— Вот я лежу и думаю: раньше там, дома, я как-то не представляла себе, что такое Родина, свобода, счастье. А здесь, в фашистской Германии, я так хорошо… так хорошо поняла это… А как жить было отрадно, приятно! Теперь вспоминаю и не верю, что мы жили так, будто в сказке. Вот! Если бы я узнала, что не увижу больше Родины, своих родных, школы, я бы сначала расправилась с Эльзой Карловной, а потом пусть делают со мной, что хотят. — Аня немного помолчала и добавила: — Хотите, я вам всё, всё про себя расскажу? Нет, наверно, это неинтересно…

Приближался рассвет, и девочкам хотелось поспать хоть немного перед долгим рабочим днём, но настроение Ани было таким необычным, что ни Шура, ни Люся не могли и не хотели противиться её желанию.

— Что ты, рассказывай, рассказывай! — сейчас же откликнулась Люся.

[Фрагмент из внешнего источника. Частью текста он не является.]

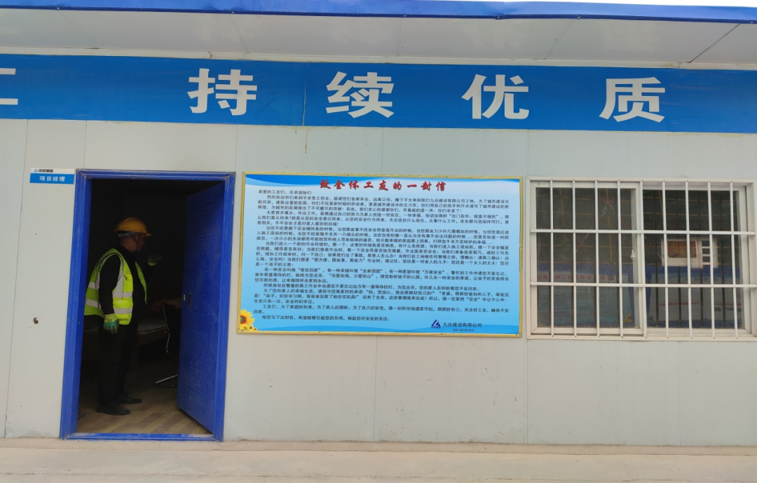 2021-06-02为进一步落实省市关于安全生产工作的部署要求,结合第20个全国“安全生产月”,公司号召各项目施工单位开展“告工友的一封信”活动。孵化基地三期施工方九冶公司和公租房三期项目施工方甘肃二建高度重视,积极响应,迅速书写《告工友的一封信》并制作张贴在项目工地醒
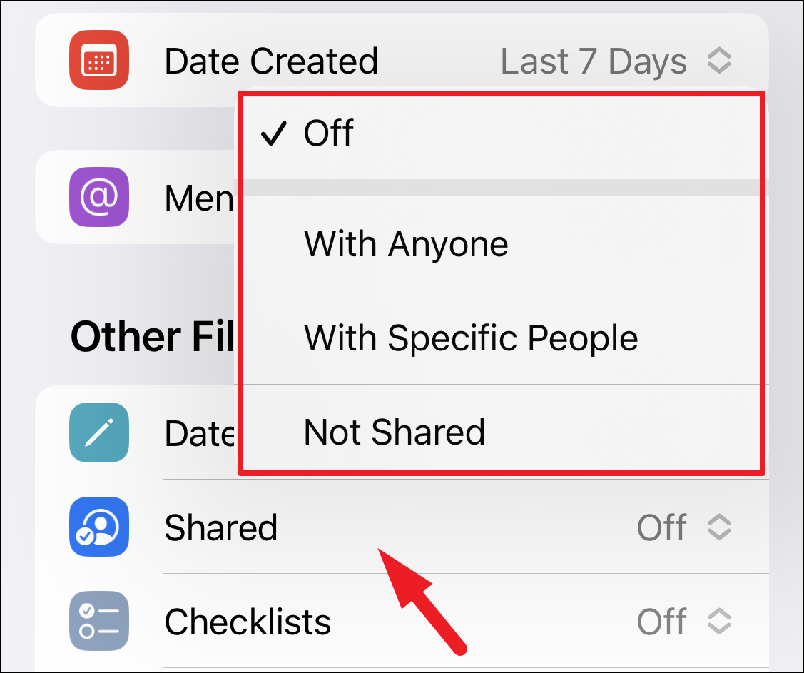 Then if you wish to create a filter based on with whom you have shared the note, tap on the ‘Shared’ tab and then select your preferred option.
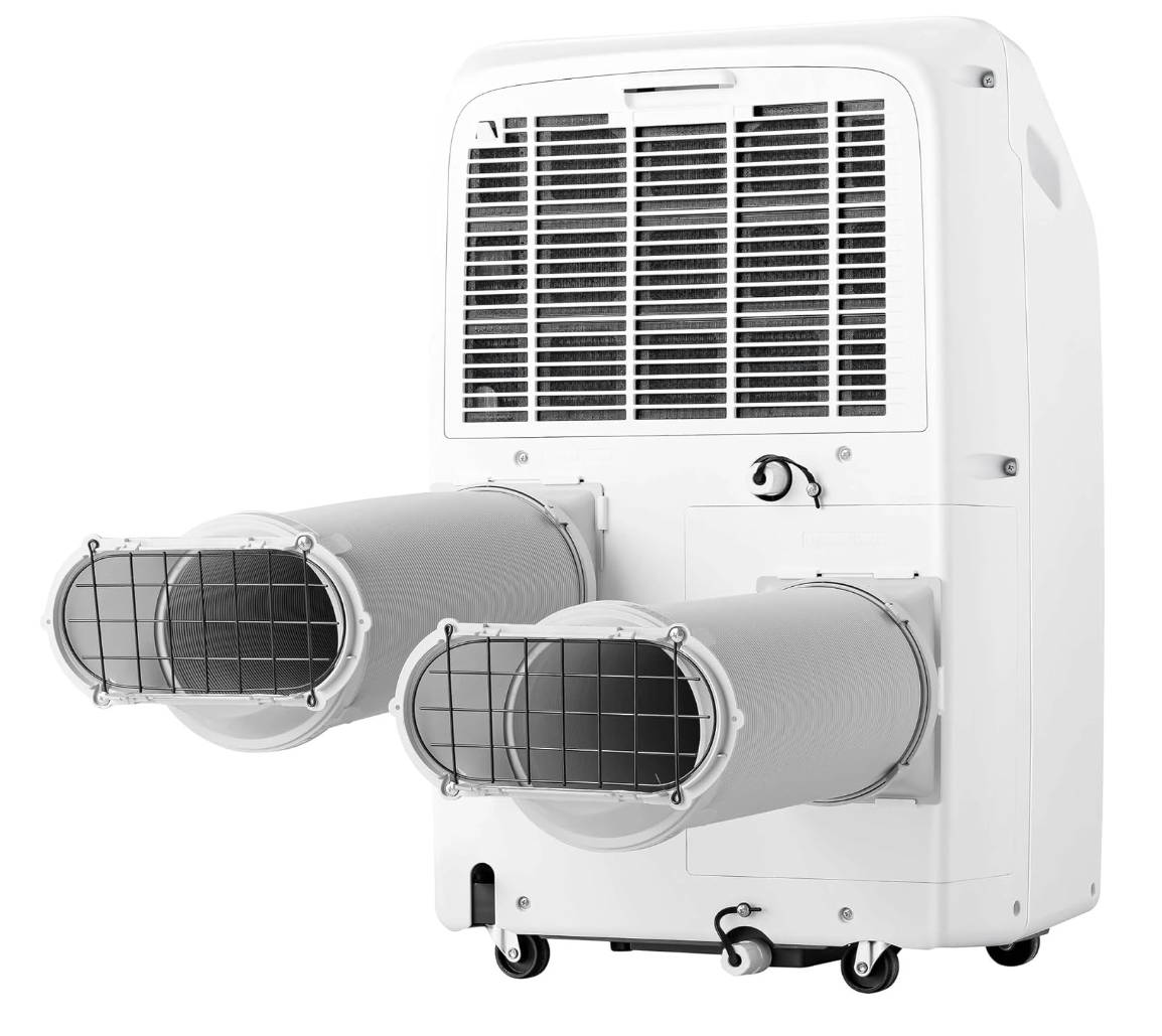 The innovative dual hose design cools rooms more efficiently by balancing air pressure.
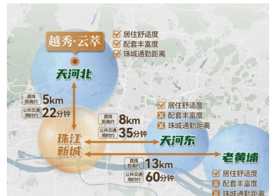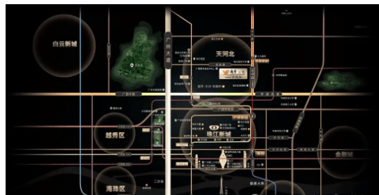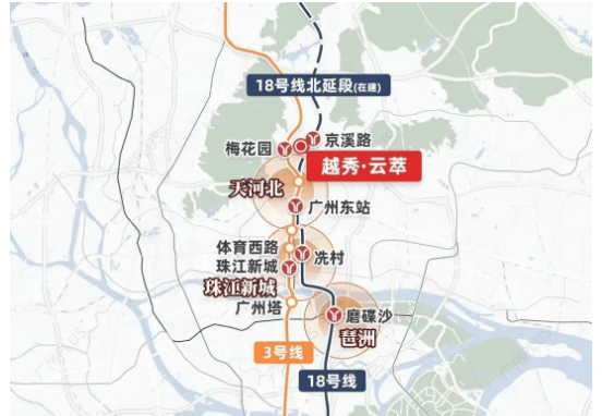 越秀·云萃的核心优势之一便是其优越的地理位置和便捷的交通配套。项目位于广州中轴之上,距离珠江新城直线距离仅约5公里,是真正意义上的CBD生活圈辐射范围。

Присев на краешек Аниной постели, она подобрала под себя ноги, сжалась в комочек, обняла колени руками и приготовилась слушать.

— Не знаю я, как начать. У меня бабушка была совсем старая — до девяноста лет дожила, даже крепостное право помнила. Любила я её сказки слушать. Уж все их знала, а всё равно, бывало, к бабушке пристаю: «Новенькую расскажи». Она только руками разводит: «Где я тебе их возьму?» Потом видит, я вот-вот разревусь — я ещё малюсенькая была, — посадит меня на колени, глаза сощурит и начнёт: «Жила-была девочка курносенькая, совсем простая девочка Анечка, как былинка на солнышке росла, горя не знала, в счастливую пору родилась…» Тут я вырываюсь от бабушки, прыгаю — знаю уже, что про меня сказка… Ну, вот, сбилась совсем и попусту вам спать не даю, — вздохнула Аня.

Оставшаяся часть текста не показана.